Prompt:
Look in the data below for the line that has "Luckily the 3sgte", then print exactly every line from there through the line that has "Hong Kong is", leaving pictures out.

Extracted entries:
------------------------

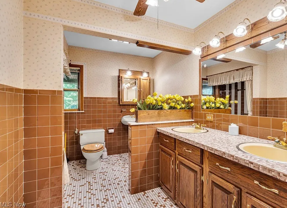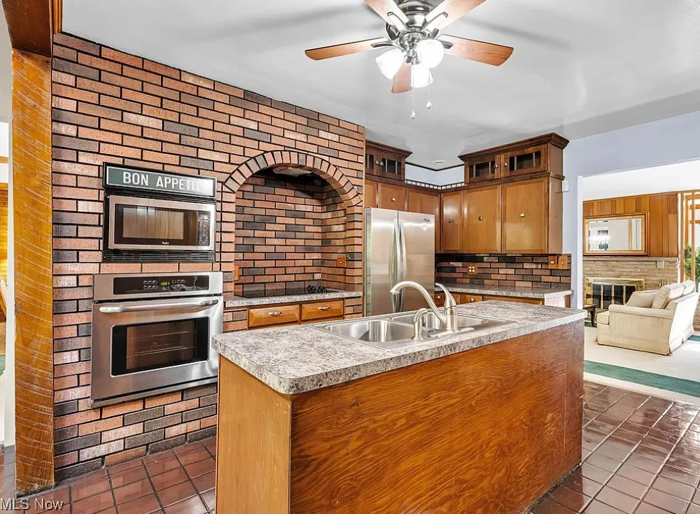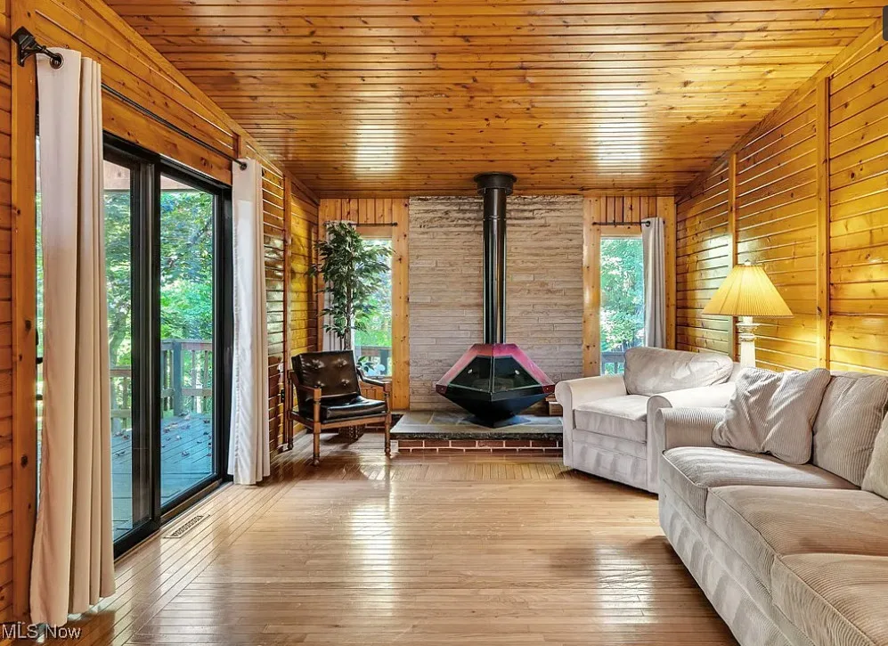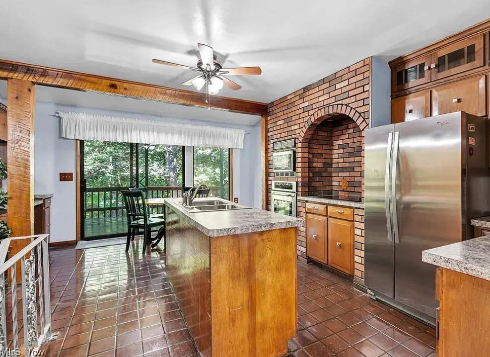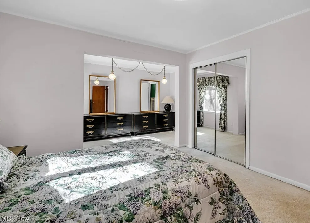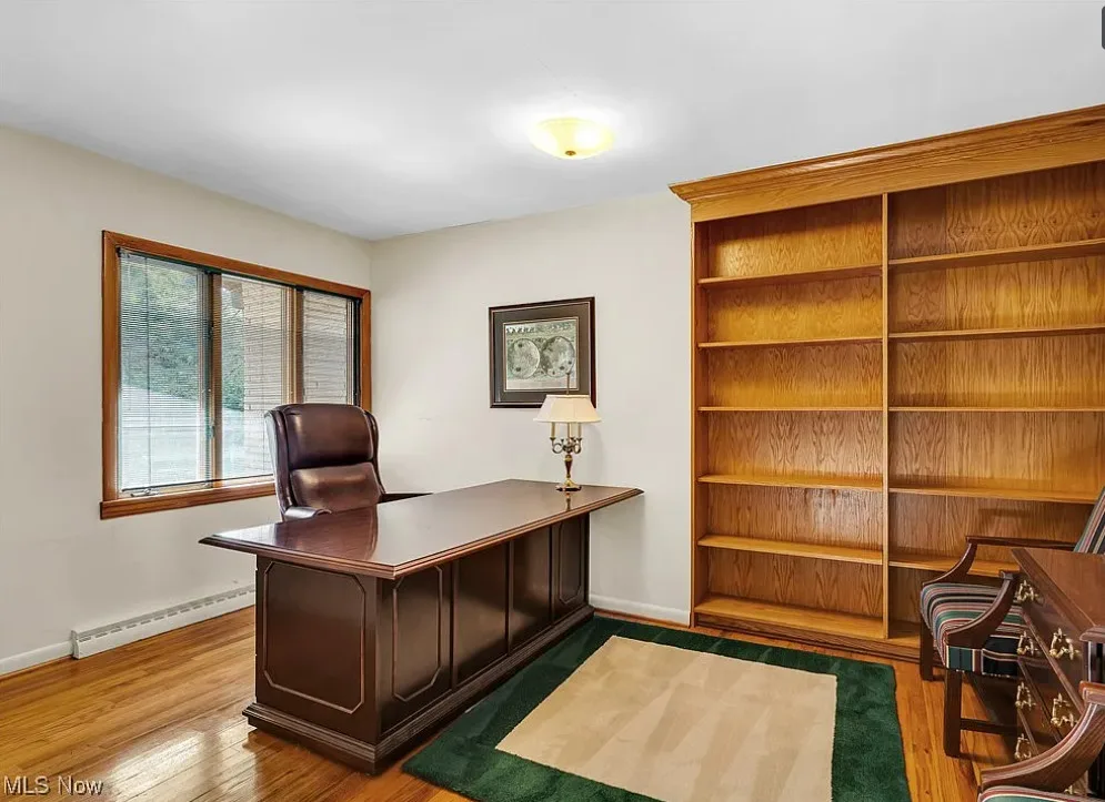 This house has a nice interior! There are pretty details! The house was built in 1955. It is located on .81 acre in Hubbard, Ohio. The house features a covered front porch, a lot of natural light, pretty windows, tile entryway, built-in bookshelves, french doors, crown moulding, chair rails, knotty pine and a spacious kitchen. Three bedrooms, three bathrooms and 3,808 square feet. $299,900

------------------------

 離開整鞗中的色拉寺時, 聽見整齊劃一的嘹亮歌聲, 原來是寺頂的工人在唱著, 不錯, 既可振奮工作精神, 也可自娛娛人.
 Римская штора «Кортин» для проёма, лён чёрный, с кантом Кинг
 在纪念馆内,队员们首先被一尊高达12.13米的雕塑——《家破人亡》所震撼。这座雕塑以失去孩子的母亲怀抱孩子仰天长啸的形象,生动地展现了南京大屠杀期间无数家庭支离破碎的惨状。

------------------------

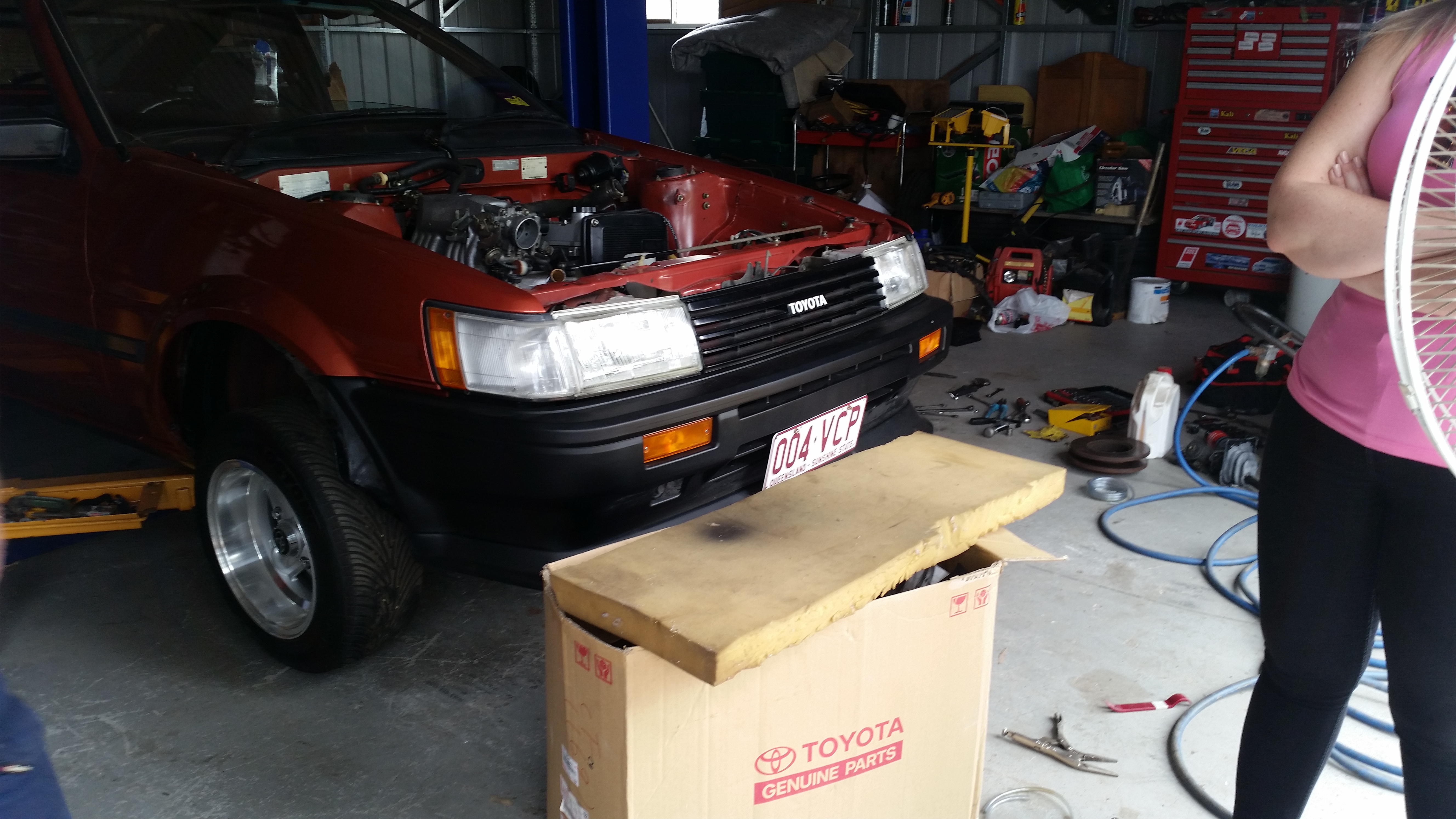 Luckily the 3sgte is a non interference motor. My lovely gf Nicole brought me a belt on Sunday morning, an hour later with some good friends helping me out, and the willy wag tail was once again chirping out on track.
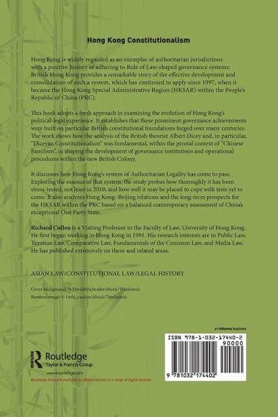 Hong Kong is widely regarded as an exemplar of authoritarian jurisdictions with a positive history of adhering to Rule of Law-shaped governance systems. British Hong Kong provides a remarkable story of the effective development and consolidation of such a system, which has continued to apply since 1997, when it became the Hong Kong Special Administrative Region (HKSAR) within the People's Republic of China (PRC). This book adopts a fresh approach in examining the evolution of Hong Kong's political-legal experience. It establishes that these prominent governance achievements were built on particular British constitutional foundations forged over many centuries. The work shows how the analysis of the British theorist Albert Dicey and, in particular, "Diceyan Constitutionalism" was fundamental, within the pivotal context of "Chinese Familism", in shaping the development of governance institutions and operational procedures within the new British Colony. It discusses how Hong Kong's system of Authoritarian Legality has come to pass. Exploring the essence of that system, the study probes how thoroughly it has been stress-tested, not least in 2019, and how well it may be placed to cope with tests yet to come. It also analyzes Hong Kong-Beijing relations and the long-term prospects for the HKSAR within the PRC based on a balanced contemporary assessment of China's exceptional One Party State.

------------------------

Problem solution:
 Luckily the 3sgte is a non interference motor. My lovely gf Nicole brought me a belt on Sunday morning, an hour later with some good friends helping me out, and the willy wag tail was once again chirping out on track.
 Hong Kong is widely regarded as an exemplar of authoritarian jurisdictions with a positive history of adhering to Rule of Law-shaped governance systems. British Hong Kong provides a remarkable story of the effective development and consolidation of such a system, which has continued to apply since 1997, when it became the Hong Kong Special Administrative Region (HKSAR) within the People's Republic of China (PRC). This book adopts a fresh approach in examining the evolution of Hong Kong's political-legal experience. It establishes that these prominent governance achievements were built on particular British constitutional foundations forged over many centuries. The work shows how the analysis of the British theorist Albert Dicey and, in particular, "Diceyan Constitutionalism" was fundamental, within the pivotal context of "Chinese Familism", in shaping the development of governance institutions and operational procedures within the new British Colony. It discusses how Hong Kong's system of Authoritarian Legality has come to pass. Exploring the essence of that system, the study probes how thoroughly it has been stress-tested, not least in 2019, and how well it may be placed to cope with tests yet to come. It also analyzes Hong Kong-Beijing relations and the long-term prospects for the HKSAR within the PRC based on a balanced contemporary assessment of China's exceptional One Party State.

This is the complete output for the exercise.